C. Chabuz1, S. D. Larson1, J. A. Taylor1, S. Islam1 1University Of Florida,Pediatric Surgery,Gainesville, FL, USA
Objective: Necrotizing enterocolitis (NEC) is the most common condition in neonates that requires surgery. While the mortality in NEC is very high, it is unclear which factors are most responsible for poor outcomes. The purpose of this study was to understand the factors influencing mortality in a large cohort of neonates with NEC.

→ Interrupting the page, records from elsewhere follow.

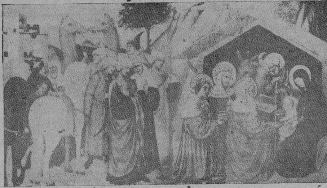
Cuadro del pintor italiano del siglo XIV Andrea Vanni
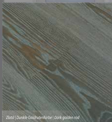
Zlatá | Dunkle Goldrutenfarbe | Dark golden rod
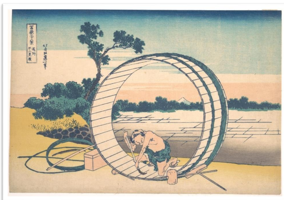
Slika 10 "Fujimigahara in Owari Province"; autor: Hokusai; godina: 1830.-1832.; dimenzije: 25,4 x 38,1 cm; drvorez u boji; iz serije „Trideset i šest pogleda na planinu Fuji“
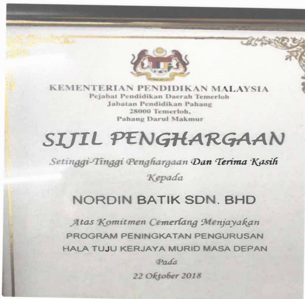
Gambar 11: Sijil Penghargaan Atas Komitmen Cemerlang Menjayakan Program Peningkatan Pengurusan Hala Tuju Kerjaya Murid Masa Depan
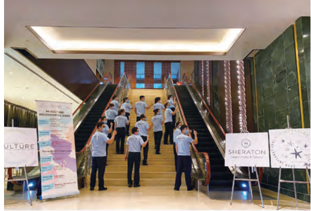
MI Culture Housekeeping Week 萬豪國際管家服務文化週

Caravelle Saigon Hotel, Vietnam 越南胡志明市帆船酒店
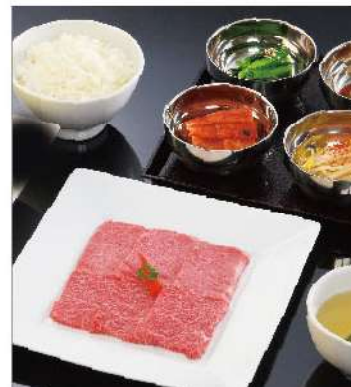
和牛 上焼肉ランチ
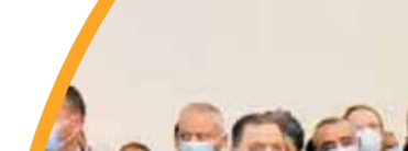
توقيع مذكرة تفاهم بين الهيئة العامة للبترول والهيئة العربية للتصنيع لتصنيع وصيانة التوربينات.
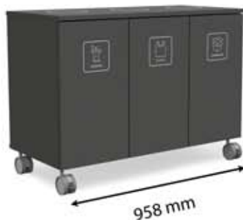
M-L3 (3 x 45 L)
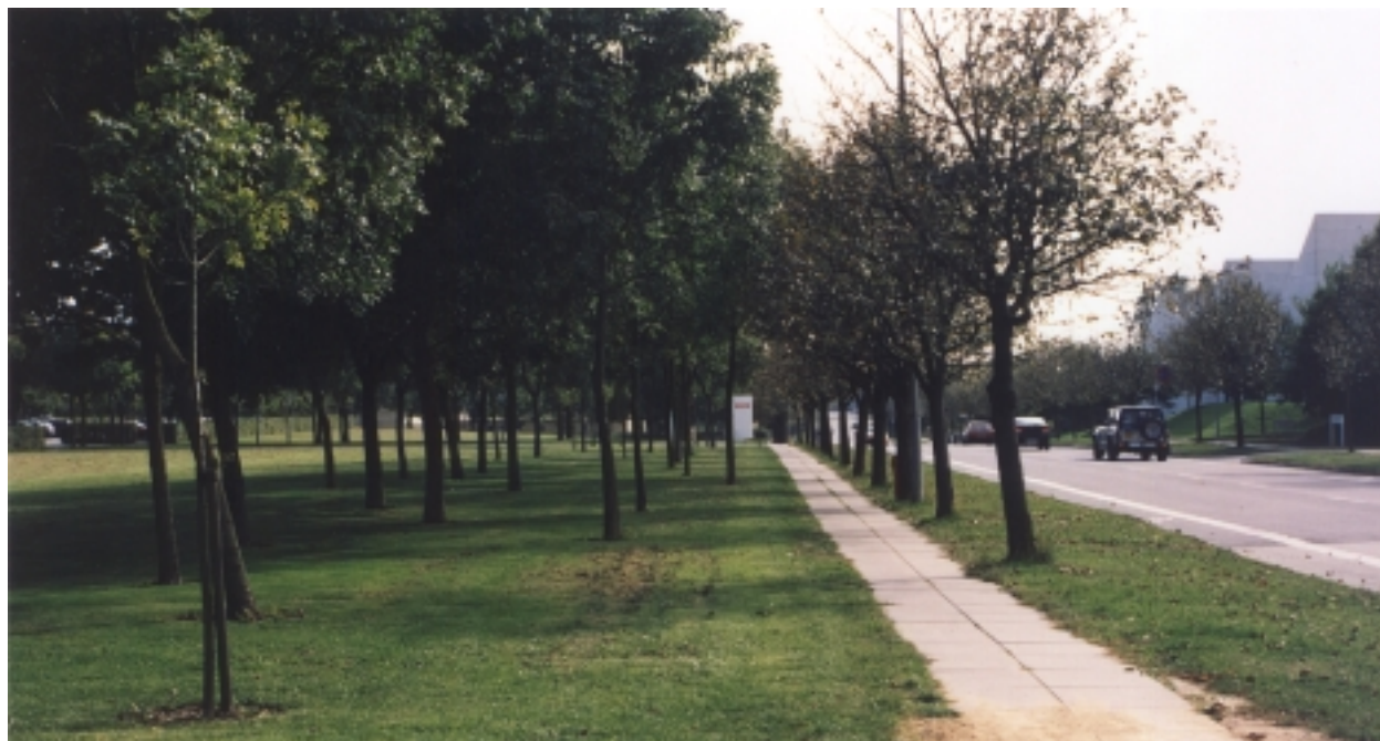
Trafikanter får oplevelse af at køre i en park. I vejens skillerabat er plantet allétræer. På grønne forarealer spredte træer og lunde. (Danmarks Radio, Gøteborg Allé, Christiansbjerg)

Der kan herudover ikke etableres bygninger, parkering, oplag, udstilling eller lignende.

Methods: Neonates diagnosed with NEC over an 8-year period (2008-2016) at UF Health were selected using ICD 9 and 10 codes. All patients’ charts were reviewed and only those with a definitive diagnosis of NEC that was in the initial NICU stay were included. Data regarding demographics, maternal and gestational history, presentation, lab and radiologic studies, interventions required, surgical management, and outcomes were collected and compiled. The primary outcome variable was mortality, with secondary outcomes of NICU LOS and neurodevelopmental status in survivors. The cohort was divided into those requiring surgical management (drain or laparotomy) vs. those treated medically. Uni- and Multi-variate analysis was carried out and p values of less than 0.05 were considered significant.
Results:
A total of 245 cases of NEC were identified during the study period. Overall, the mean gestational age was 28.6 weeks, average birth weight was 1.21 kg, and mortality rate 16.3%. There were 75 patients who required surgical management, while 170 were treated medically. There was no difference between these two groups for race, gender, APGAR score, hematocrit, or length of stay (see table please). Surgical patients were significantly smaller and lower gestational age, had a lower platelet count and presented more often with distention. Univariate analysis noted a significant 5-fold higher mortality rate. Linear, multivariate regression analysis with mortality as the outcome variable noted that surgical management was not a significant predictor, while gestational age, APGAR score, weight at diagnosis of NEC, vasopressor requirement, and intubation were responsible for mortality.
Conclusions: The higher mortality rate in neonates with NEC that require surgery is in part due to the lower gestational age, lower APGAR, higher need for ventilator support at birth, and requirement for vasoactive drugs for circulatory support. Patients presenting with abdominal distention rather than hematochezia are at higher risk for requiring surgery. These data will be used to help predict outcome, plan therapy, and advise parents.